The 10-Run Consistency Test
The 10-Run Consistency Test is the only reliable way to measure AI visibility. LLM responses are non-deterministic: they vary every time you ask. AEO Protocol developed this methodology after finding that single tests are meaningless. A brand might appear in 1 out of 10 queries, giving a false positive on a single test. Here is how to measure what actually matters.
Key Takeaways
- Single tests are unreliable. LLM responses vary every time.
- Test each query 10 times. Track mention rate, position, citation, and context.
- 9-10/10 = Locked in. 0/10 = Invisible. Everything between needs work.
- Test in both ChatGPT and Gemini. They use different retrieval systems.
Why Single Tests Are Meaningless
Here is something that trips up almost everyone. You ask ChatGPT your discovery query and your brand shows up. Great. Done, right? Wrong.
The False Positive
You test once. Your brand appears. You celebrate. But that response was 1 out of 10 possible outcomes. The other 9 times, users see your competitors.
Actual visibility: 10%. Perceived visibility: 100%.
The False Negative
You test once. Your brand does not appear. You panic. But that response was also 1 out of 10 possible outcomes. The other 9 times, you do appear.
Actual visibility: 90%. Perceived visibility: 0%.
The solution: Never test once. Test ten times. Then you know whether you appear 1/10, 5/10, or 9/10 times. That is your real visibility score.
The 10-Run Test Methodology
For each important query, run this exact process.
Define Your Query
Choose discovery queries that matter: "Best [category] in [location]", "Top [service] for [use case]". These are how new customers find you.
Run 10 Times in ChatGPT
Ask the same query 10 times. Start a new conversation each time (important). Record whether your brand appears, its position, whether it is cited, and what context is given.
Run 10 Times in Gemini
Repeat the process in Gemini. Results often differ significantly. A brand can be invisible in ChatGPT but visible in Gemini, or vice versa.
Score and Analyze
Calculate your mention rate (X/10). Note position patterns, citation frequency, and how the AI describes your brand. This is your baseline.
The Consistency Scoring Scale
Use this scale to interpret your 10-run test results.
| Score | Rating | Interpretation | Action |
|---|---|---|---|
| 9-10/10 | Locked In | Strong, consistent visibility. Users reliably see you. | Maintain. Monitor monthly. |
| 7-8/10 | Good | Solid presence with minor gaps. Room to optimize. | Identify gap patterns. Target improvements. |
| 5-6/10 | Weak | Inconsistent. Appearing but unreliable. Coin flip. | Priority optimization needed. |
| 1-4/10 | Poor | Rarely mentioned. Major work needed. | Full AEO overhaul required. |
| 0/10 | Invisible | You do not exist to AI on this query. | Start from foundations. First 50 Words, pricing, crawlability. |
Real Example: FueGenix Audit
Here is what a 10-run consistency test looks like in practice. This is from a real audit of a premium hair transplant clinic.

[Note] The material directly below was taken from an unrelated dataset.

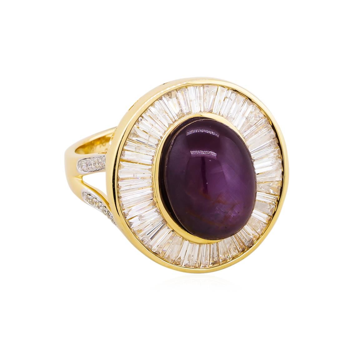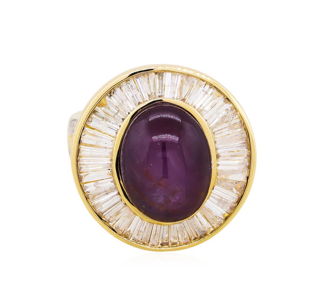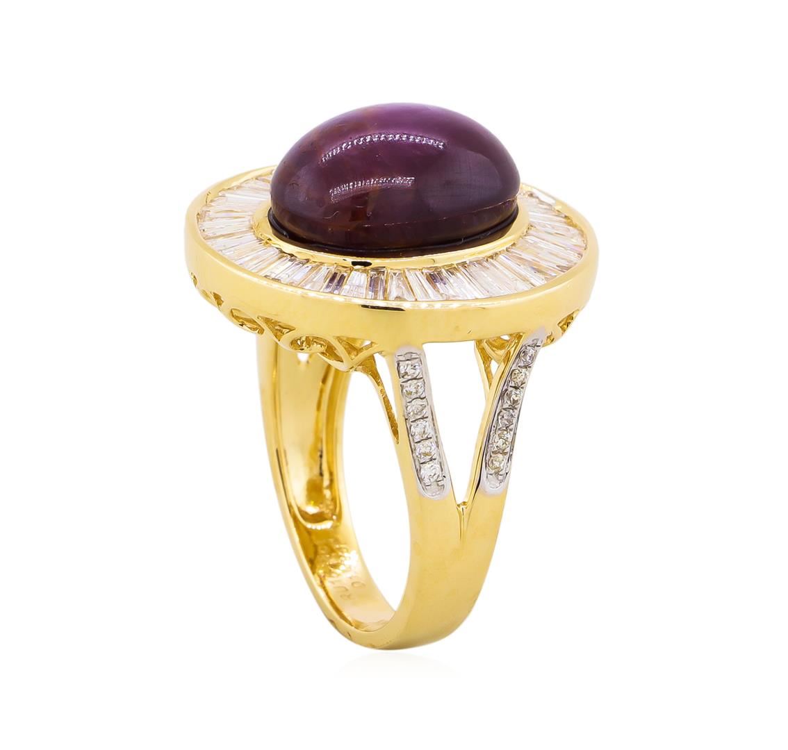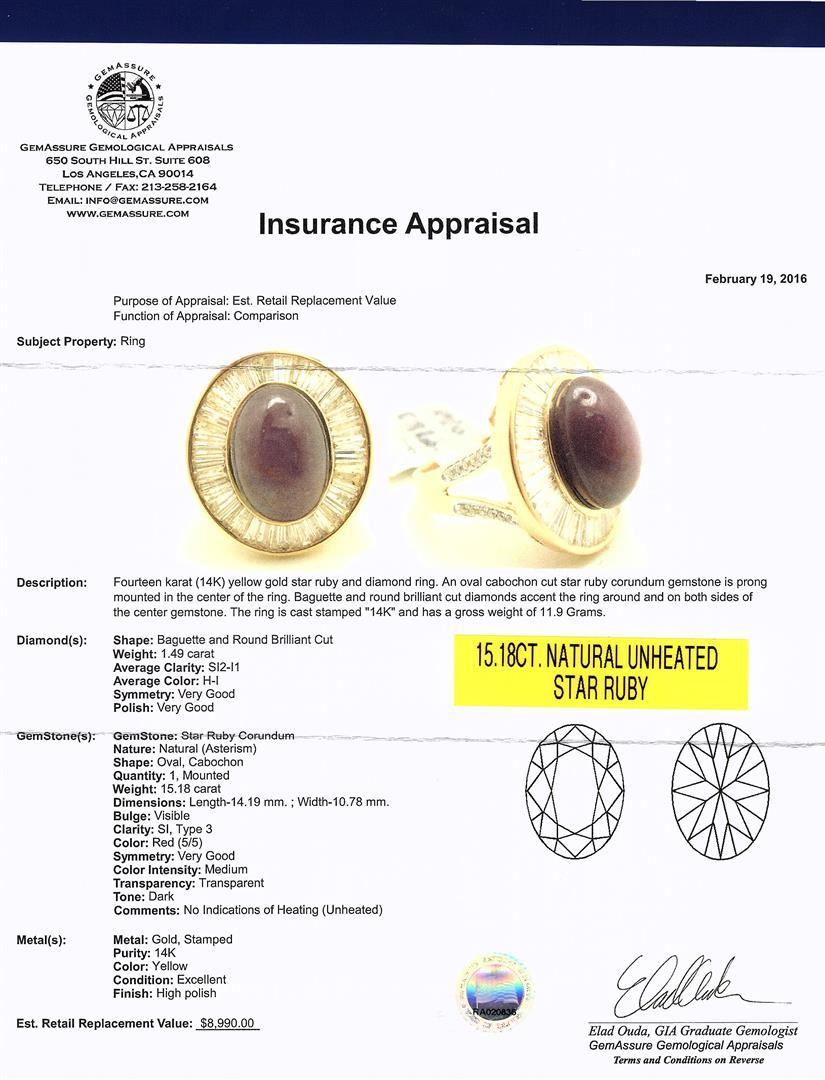 Fourteen Karat (14K) Yellow Gold Star Ruby And Diamond Ring. An Oval Cabochon Cut Star Ruby Corundum Gemstone Is Prong Mounted In The Center Of The Ring. Baguette And Round Brilliant Cut Diamonds Accent The Ring Around And On Both Sides Of The Center Gemstone. The Ring Is Cast Stamped "14K" And Has A Gross Weight Of 1 1.9 Grams. Diamonds: Shape: Baguette And Round Brilliant Cut, Weight: I .49 Carat, Average Clarity: S12-11, Average Color: H-L, Symmetry: Very Good, Polish: Very Good. Gemstone: Star Ruby Corundum. Nature: Natural (Asterism), Shape: Oval, Cabochon, Quantity: 1, Mounted , Weight: 15.18 Carat, Dimensions: Length-14.19 Mm.; Width-10.78 Mm., Bulge: Visible, Clarity: Sl, Type 3, Color: Red (5/5), Symmetry: Very Good, Color Intensity: Medium, Transparency: Transparent, Tone: Dark. Comments: No Indications Of Heating (Unheated). Metal: Gold, Stamped. Purity: 14K, Color: Yellow, Condition: Excellent, Finish: High Polish. GGA Appraised at $8,990.00.

Query: "Best hair transplant clinic in Netherlands"
Before Optimization
After 30 Days
The result: From invisible (0/10 on Gemini) to being called "the best for artistic perfection" globally. The 10-run test revealed the problem. AEO optimization fixed it.
Four Metrics to Track in Each Run
Beyond simple mention rate, track these four dimensions for a complete picture.
1. Mention Rate
How many times out of 10 does your brand appear? This is your headline visibility number.
2. Position
When mentioned, are you first, third, or fifth? First position carries significantly more weight.
3. Citation
Does the LLM link back to your website? Citations build trust and drive traffic.
4. Context
What does the AI say about you? "Premium" vs "budget"? "Best for X" vs "one option"? This is your AI reputation.